Вокруг, вкрадчиво начавшись со случайных прохожих, каруселью завертелась человеческая метель. Час пик, митинги протеста, демонстрации в защиту, День пива, толчея за билетами на модного певца; ожидание фейерверка, спрессовывающее зрителей в шевелящийся монолит, народные гуляния, муравейники ярмарок, кишащие продавцами и покупателями, чемпионаты по футболу, изрыгавшие болельщиков с флажками в руках, базары и рынки, толкучки и дешевые распродажи — дети пытались играть с големчиками, норовя оторвать руки и ноги, кто-то лез на трибуну, соблазняя перспективой роста валового продукта, а кто-то лез на зверика, желая покататься, отовсюду совали пластиковые бокалы с пивом, рекламки «Гербалайфа», предлагали похудеть за три дня, обещали крещение и обрезание, визит к экстрасенсу, листовое железо, работу на дому, эмиграцию в Канаду, субсидии, кредиты и турне по Средиземному морю, выигранное в шоу-акции «Не дай себе засохнуть» — растворяя, перемалывая, лишая сил, всасывая обратно жирными губами, вытянутыми в трубочку…

— На месте стой, раз-два! Р-р-равняйсь! Смир-р-рна! Равнение на середину!

Бас Старшины гулкими раскатами отразился от стен, кинувшихся наутек, рассекая людское море надвое, — и ближайшая улица вздрогнула мокрым псом, стряхнув толпу обитателей в переулки. Замерла, вытянулась звенящей струной. Фонари ярко вспыхнули, освещая дорогу — прямую, как летящая к цели стрела. Дома отдали честь, ветер захлебнулся строевым приветствием. Впереди ровной цепью бежали големчики, поддерживая раненых собратьев: авангард, готовый в случае чего первым вступить в бой.

— Бего-о-ом марш!!!

На бегу доктор оглянулся. Город за спиной вспучивался стройками и ремонтами, асфальт, трескаясь, проседал, здания отращивали мансарды и гроздья гаражей, спеша перекрыть проход траншеями, латая рану швами водопроводных и газовых труб, отрезая собственных наемников, которые в увлечении погони чуть не превратились из ловчих в беглецов; и рев за спиной стал глуше, отступив, но не исчезнув до конца.

Новая нотка пробилась в реве.

— Лю-ю-юди! Где вы все?! Лю-ю-юди! Отзовитесь! Я хочу остаться с вами! Я не хочу назад! Лю-ю-юди-и-и!..

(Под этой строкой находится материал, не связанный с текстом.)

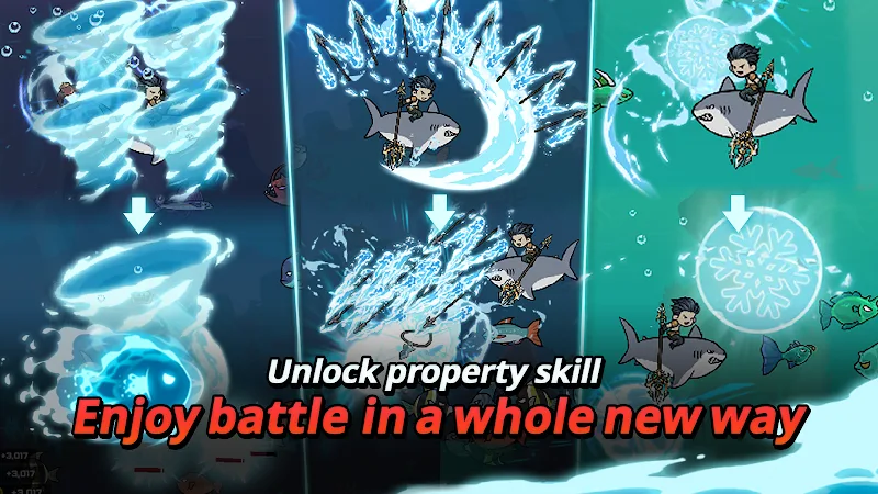 - Spectacular Skill Effects: Unleash devastating abilities inspired by the ocean’s fury. From massive whirlpools to crushing tidal waves, watch as your enemies are washed away by high-quality animations and satisfying combat feedback.

Механический, словно из репродуктора, голос усилился, возникая отовсюду. Ударил, дрогнул, откатился назад и затих в отдалении.

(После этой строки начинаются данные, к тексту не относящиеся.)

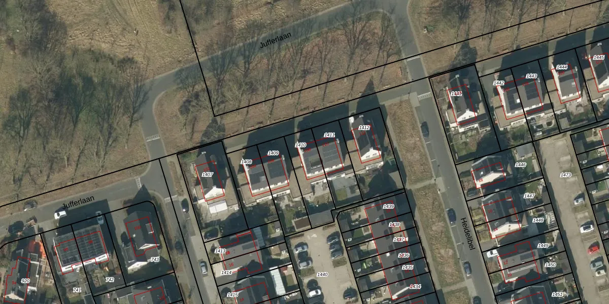 Jufferlaan 108 is gelegen op kadastraal perceel SON00G1410. Deze kadastrale aanduiding is uniek en wordt gebruikt door het Kadaster om eigendomsrechten en andere zakelijke rechten vast te leggen. Het perceel maakt onderdeel uit van de kadastrale gemeente Son en Breugel.

— Кажется, у него получилось…

— Разлом! Я вижу разлом!

— Не отставать! Подтянись!..

Есть ли у меня жетоны, думал доктор. Наличие жетонов казалось очень важным. Он был уверен в этом.

Есть!

— Вот, возьмите… У меня много. На всех хватит!

— Спасибо…

— Вот еще… карточка!

— От лица службы выношу вам благодарность!

Турникет. Эскалатор. На платформе — вожделенная пустота. Поезд ждет у перрона, нервно распахнув двери и приплясывая на рельсах.

— Скорее!

— Я успею, успею!..

— Осторожно, двери закрываются. Следующая станция…

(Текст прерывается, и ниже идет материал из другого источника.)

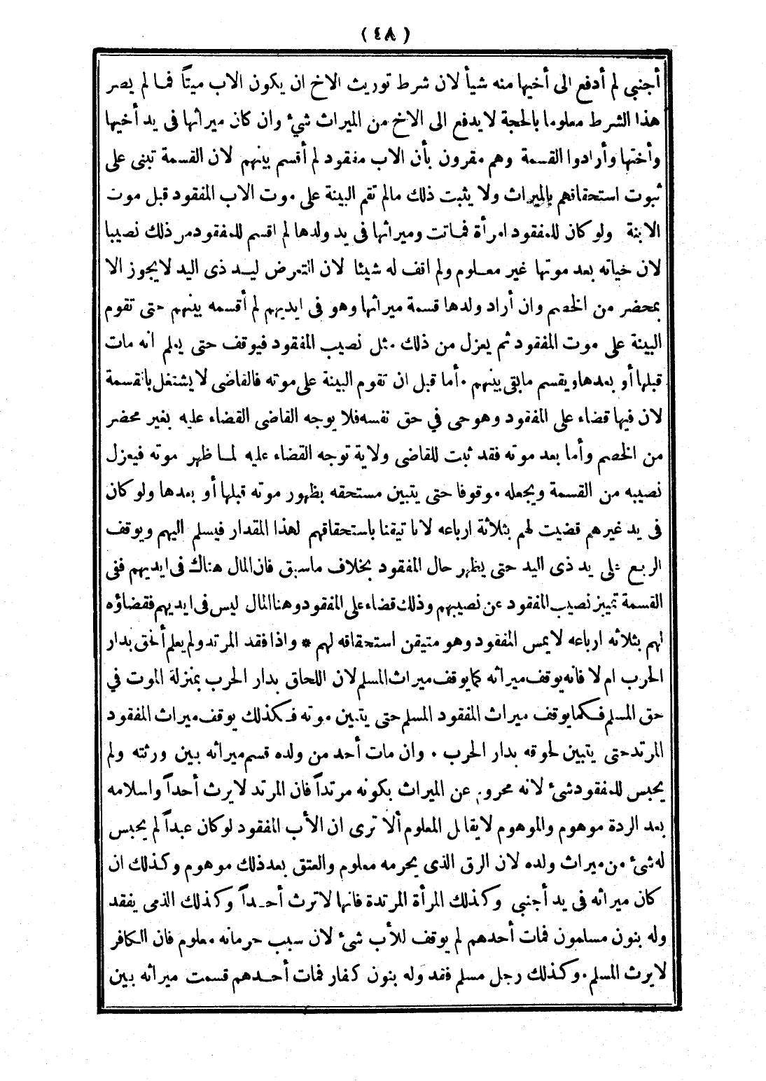 وَإِذَا فُقِدَ الْمُرْتَدُّ وَلَمْ يُعْلَمْ أَلَحِقَ بِدَارِ الْحَرْبِ أَمْ لَا، فَإِنَّهُ يُوقَفُ مِيرَاثُهُ كَمَا يُوقَفُ مِيرَاثُ الْمُسْلِمِ؛ لِأَنَّ اللَّحَاقَ بِدَارِ الْحَرْبِ بِمَنْزِلَةِ الْمَوْتِ فِي حَقِّ الْمُسْلِمِ، فَكَمَا يُوقَفُ مِيرَاثُ الْمَفْقُودِ الْمُسْلِمِ حَتَّى يَتَبَيَّنَ مَوْتُهُ فَكَذَلِكَ يُوقَفُ مِيرَاثُ الْمَفْقُودِ الْمُرْتَدِّ حَتَّى يَتَبَيَّنَ لُحُوقُهُ بِدَارِ الْحَرْبِ. وَإِنْ مَاتَ أَحَدٌ مِنْ وَلَدِهِ قُسِمَ مِيرَاثُهُ بَيْنَ وَرَثَتِهِ، وَلَمْ يُحْبَسْ لِلْمَفْقُودِ شَيْءٌ؛ لِأَنَّهُ مَحْرُومٌ عَنْ الْمِيرَاثِ بِكَوْنِهِ مُرْتَدًّا، فَإِنَّ الْمُرْتَدَّ لَا يَرِثُ أَحَدًا، وَإِسْلَامُهُ بَعْدَ الرِّدَّةِ مَوْهُومٌ، وَالْمَوْهُومُ لَا يُقَلِّلُ الْمَعْلُومَ، أَلَا تَرَى أَنَّ الْأَبَ الْمَفْقُودَ لَوْ كَانَ عَبْدًا لَمْ يُحْبَسْ لَهُ شَيْءٌ مِنْ مِيرَاثِ وَلَدِهِ؛ لِأَنَّ الرِّقَّ الَّذِي يَحْرِمُهُ مَعْلُومٌ، وَالْعِتْقُ بَعْدَ ذَلِكَ مَوْهُومٌ، وَكَذَلِكَ إنْ كَانَ مِيرَاثُهُ فِي يَدِ أَجْنَبِيٍّ، وَكَذَلِكَ الْمَرْأَةُ الْمُرْتَدَّةُ، فَإِنَّهَا لَا تَرِثُ أَحَدًا، وَكَذَلِكَ الذِّمِّيُّ يُفْقَدُ، وَلَهُ بَنُونَ مُسْلِمُونَ فَمَاتَ أَحَدُهُمْ لَمْ يُوقَفْ لِلْأَبِ شَيْءٌ؛ لِأَنَّ سَبَبَ حِرْمَانِهِ مَعْلُومٌ، فَإِنَّ الْكَافِرَ لَا يَرِثُ الْمُسْلِمَ. وَكَذَلِكَ رَجُلٌ مُسْلِمٌ فُقِدَ وَلَهُ بَنُونَ كُفَّارٌ، فَمَاتَ أَحَدُهُمْ قَسَمْتُ مِيرَاثَهُ بَيْنَ

Название станции он не расслышал. Поезд рванул с места в карьер, так что пассажиры едва успели схватиться за поручни. Состав мгновенно набрал скорость. Наконец восстановив равновесие, доктор с любопытством оглядел вагон. Все его спутники были здесь. Но доктор смотрел не на них, стоящих. А на тех, кто занимал сиденья в вагоне.

Манекены. Голые манекены с едва намеченными лицами блестели розовым пластиком. Сколько работы! Сколько любимой работы, которую предстоит сделать. Теперь у него будет на это время. У него будет много времени…

Состав ощутимо тряхнуло на стыке. Свет в вагоне мигнул, погас, вновь вспыхнул, неуверенно мерцая. Навалилась волна дурноты.

— Держитесь, доктор!

— Держитесь!

— Осталось совсем чуть-чуть…

— Граждане пассажиры, просим сохранять спокойствие…

Отпустило. Тяжесть в груди исчезла, сердце забилось ровнее, и вместе с пульсом ровнее пошел поезд. В глазах посветлело — лампы вспыхнули в полный накал.

— Ура!

— Прорвались!..

— Конечная станция. Граждане пассажиры, просьба освободить вагоны…

Двери с шипением разошлись, и доктор, не чувствуя под собой ног, шагнул на освещенный перрон.

— Приехали?

— Да.

— Домой?

Эскалатор двигался очень медленно, словно огромное, благожелательное существо бережно несло доктора на ладони к выходу. Спиной он чувствовал, как рассредоточиваются на ступеньках его спутники. Дальше. Еще дальше друг от друга. Разделяясь прядями волос под гребнем. Вместо кулака — пальцы. Время и место, когда необходимо быть вместе, исчезли; подступало время и место одиночества, ибо ты всегда одинок. В этом залог твоего настоящего существования. Доктор поморщился, отгоняя глупые, шаблонные, тамошние мысли. Надо учиться думать по-другому. Надо учиться не думать.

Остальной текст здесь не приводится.